• **WHAT YOU NEED TO DO**
Print out the data that follows exactly, character for character, apart from the pictures.

• **AVAILABLE DATA**
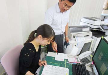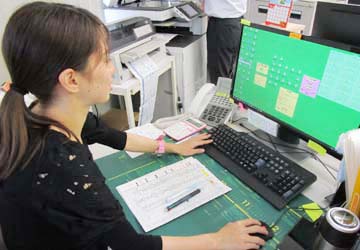 メールチェックや配車状況の確認。電話や来客の応対もします。
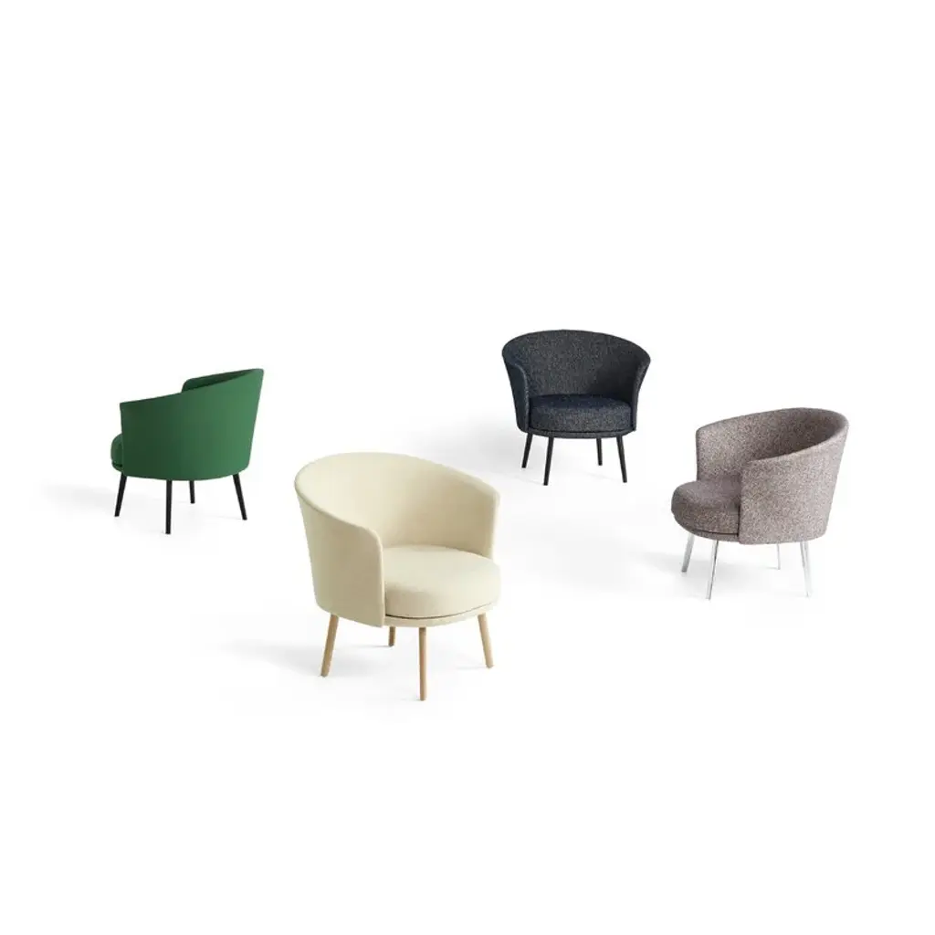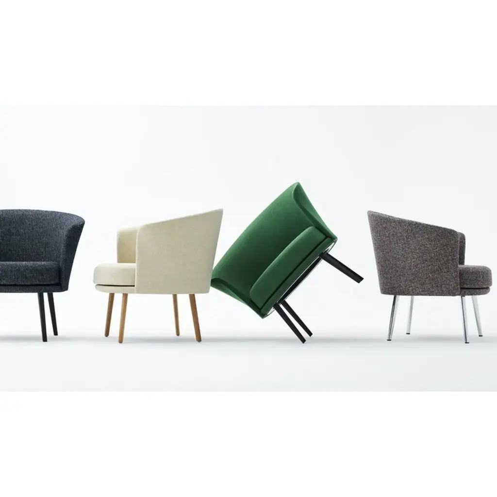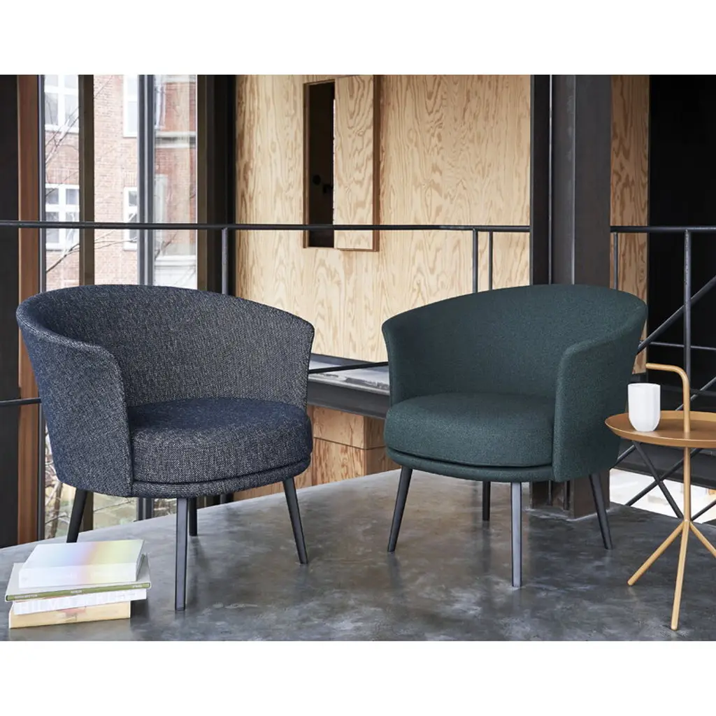 The HAY Dorso lounge chair, designed by GamFratesi, is a combination of relaxed comfortability and flexible functionality. Inspired by the shapes of a human torso in motion, the compact lounge chair charms with soft lines, stylish fabric, playful tones and durable steel legs. The speciality of the Dorso lounge chair lies in its integrated swivel mechanism: the seat rotates 360 degrees, making the chair adaptable for any contemporary living room, reading corner, office or public environment.
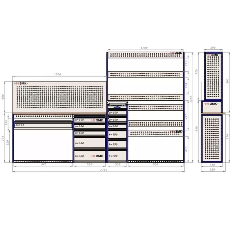 Комплект ЗМК 1.3.1760.2740.385 предназначен для комплексного оснащения сервисных автомобилей системой хранения инструмента с целью осуществления выездного сервиса, монтажа или ремонта. Используется в организациях, занимающихся ремонтом сельскохозяйственной и погрузочной техники, дорожно-ремонтных служб и других. Все элементы стеллажей изготовлены из высококачественной стали толщиной 1 мм. Рамы из профильной стальной трубы квадратного сечения 20х20 мм имеют порошковое полимерное покрытие синего цвета. Все выдвижные ящики, дверные блоки и откидные крышки оснащены специальными фиксаторами, которые не позволяют им выдвигаться и открываться при движении автомобиля. Шаг отверстий для крепления составляет 52 мм. Перфорированные стенки стеллажа позволяют фиксировать с помощью резиновых креплений вспомогательный инструмент или оборудование. Допустимая нагрузка на все ящики до 35 кг, на все полки до 50 кг, на столешницы до 100 кг. В комплект стеллажа входят все необходимые метизы, фиксаторы, кронштейны и усилители. Они поставляются в разобранном виде в надежной упаковке.
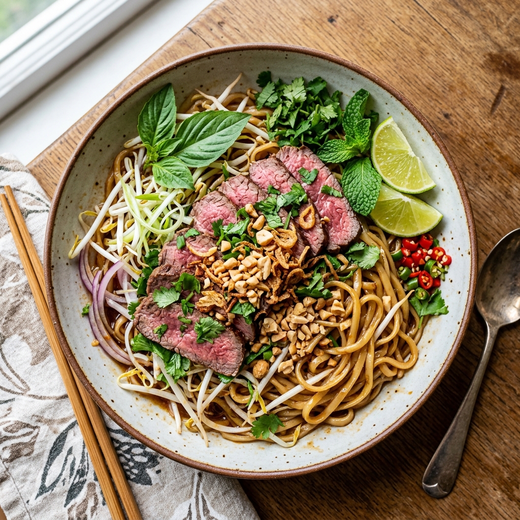 - Bày bát và hoàn thành: Xếp đều những lát bò tái hồng hào lên trên mặt bát phở. Rắc đậu phộng giã, hành phi giòn và ớt thái lát lên trên. Ăn ngay — trộn đều toàn bộ bát trước khi gắp để bò hòa quyện vào nước sốt. Mẹo: Phở trộn ngon nhất trong vòng 5-10 phút sau khi làm xong. Để lâu sợi phở sẽ mất độ dai và các topping bắt đầu mềm xuống. Nếu làm cho nhiều người, hãy trộn từng bát một thay vì trộn cả nồi.
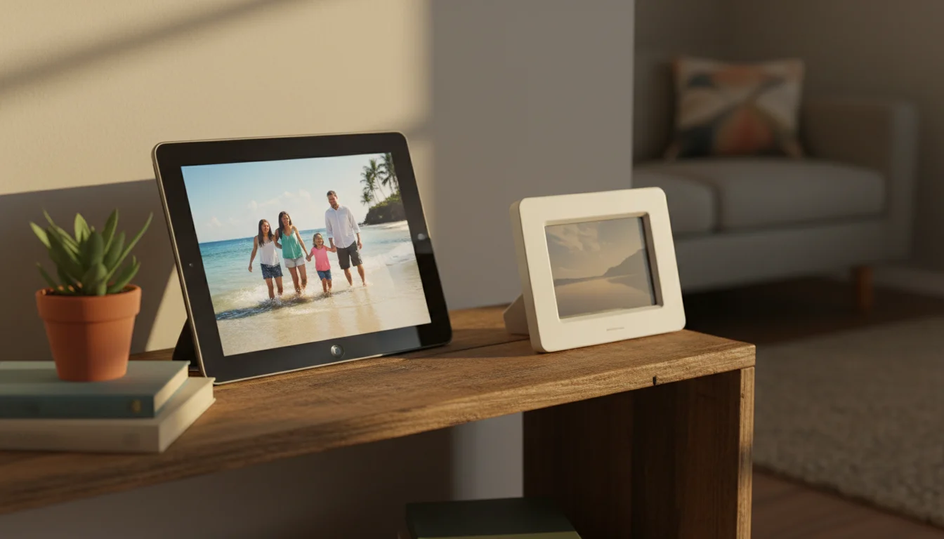 Cloud sync. Dedicated frames need their own app, their own account, and their own upload process. Your iPad already knows about iCloud or Google Photos. Set it to display a shared album and it updates automatically – new photos appear without anyone doing anything.
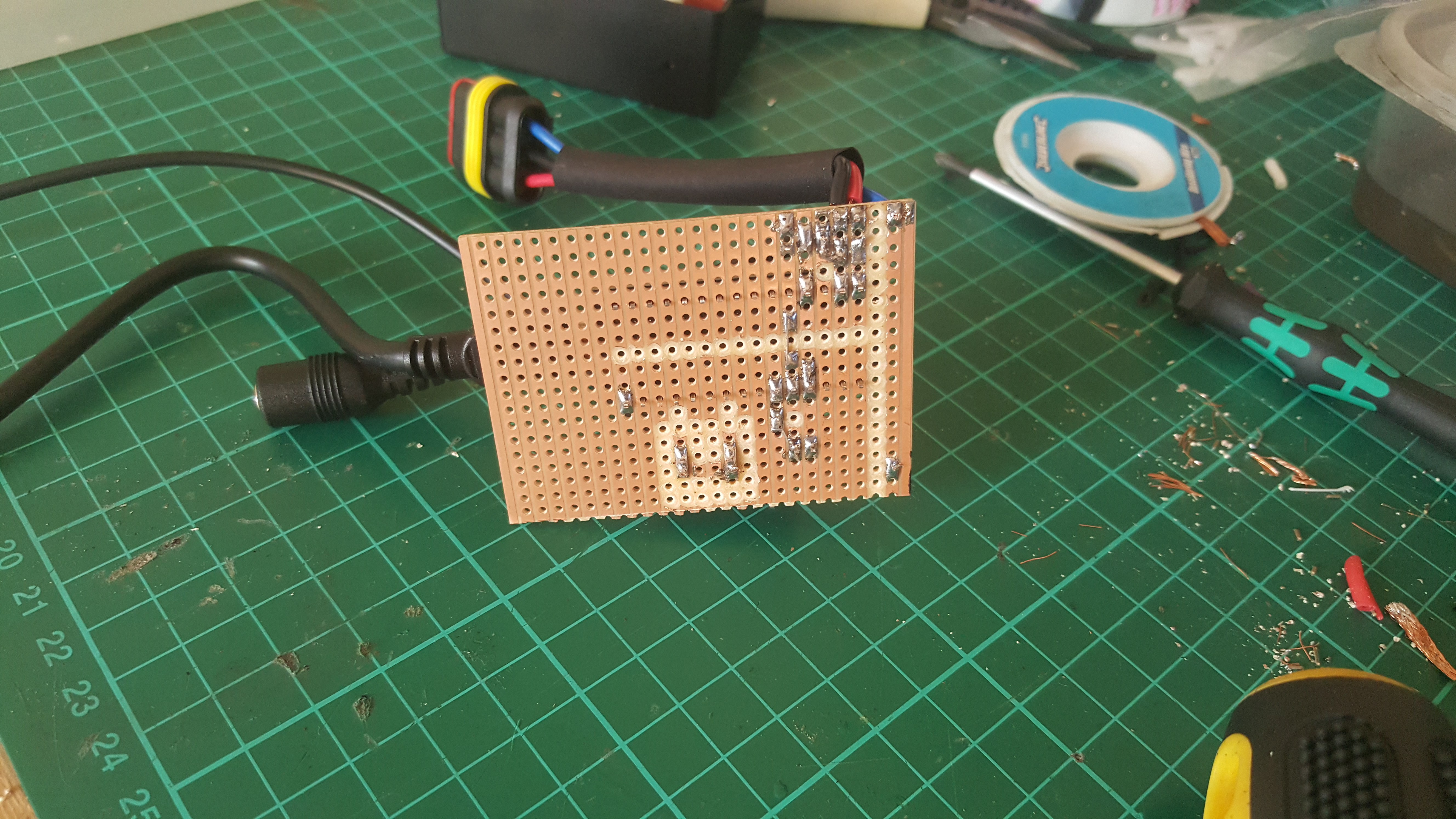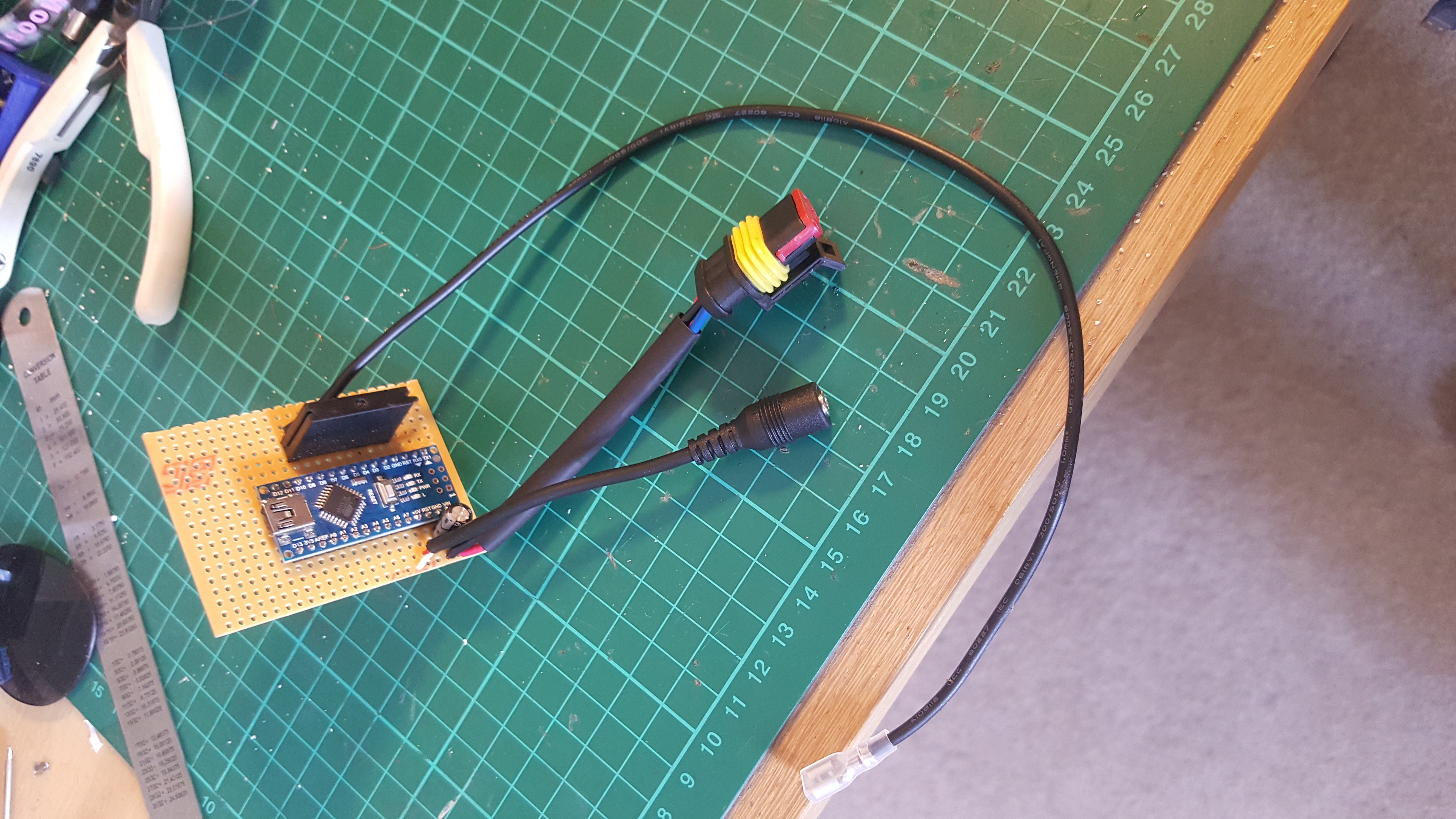 Having made the rev limiter work on a breadboard, I made up a piece of copper stripboard with an Arduino Nano, the solid-state relay, and the requisite connectors:

• **EXERCISE ANSWER**
 メールチェックや配車状況の確認。電話や来客の応対もします。
 The HAY Dorso lounge chair, designed by GamFratesi, is a combination of relaxed comfortability and flexible functionality. Inspired by the shapes of a human torso in motion, the compact lounge chair charms with soft lines, stylish fabric, playful tones and durable steel legs. The speciality of the Dorso lounge chair lies in its integrated swivel mechanism: the seat rotates 360 degrees, making the chair adaptable for any contemporary living room, reading corner, office or public environment.
 Комплект ЗМК 1.3.1760.2740.385 предназначен для комплексного оснащения сервисных автомобилей системой хранения инструмента с целью осуществления выездного сервиса, монтажа или ремонта. Используется в организациях, занимающихся ремонтом сельскохозяйственной и погрузочной техники, дорожно-ремонтных служб и других. Все элементы стеллажей изготовлены из высококачественной стали толщиной 1 мм. Рамы из профильной стальной трубы квадратного сечения 20х20 мм имеют порошковое полимерное покрытие синего цвета. Все выдвижные ящики, дверные блоки и откидные крышки оснащены специальными фиксаторами, которые не позволяют им выдвигаться и открываться при движении автомобиля. Шаг отверстий для крепления составляет 52 мм. Перфорированные стенки стеллажа позволяют фиксировать с помощью резиновых креплений вспомогательный инструмент или оборудование. Допустимая нагрузка на все ящики до 35 кг, на все полки до 50 кг, на столешницы до 100 кг. В комплект стеллажа входят все необходимые метизы, фиксаторы, кронштейны и усилители. Они поставляются в разобранном виде в надежной упаковке.
 - Bày bát và hoàn thành: Xếp đều những lát bò tái hồng hào lên trên mặt bát phở. Rắc đậu phộng giã, hành phi giòn và ớt thái lát lên trên. Ăn ngay — trộn đều toàn bộ bát trước khi gắp để bò hòa quyện vào nước sốt. Mẹo: Phở trộn ngon nhất trong vòng 5-10 phút sau khi làm xong. Để lâu sợi phở sẽ mất độ dai và các topping bắt đầu mềm xuống. Nếu làm cho nhiều người, hãy trộn từng bát một thay vì trộn cả nồi.
 Cloud sync. Dedicated frames need their own app, their own account, and their own upload process. Your iPad already knows about iCloud or Google Photos. Set it to display a shared album and it updates automatically – new photos appear without anyone doing anything.
 Having made the rev limiter work on a breadboard, I made up a piece of copper stripboard with an Arduino Nano, the solid-state relay, and the requisite connectors:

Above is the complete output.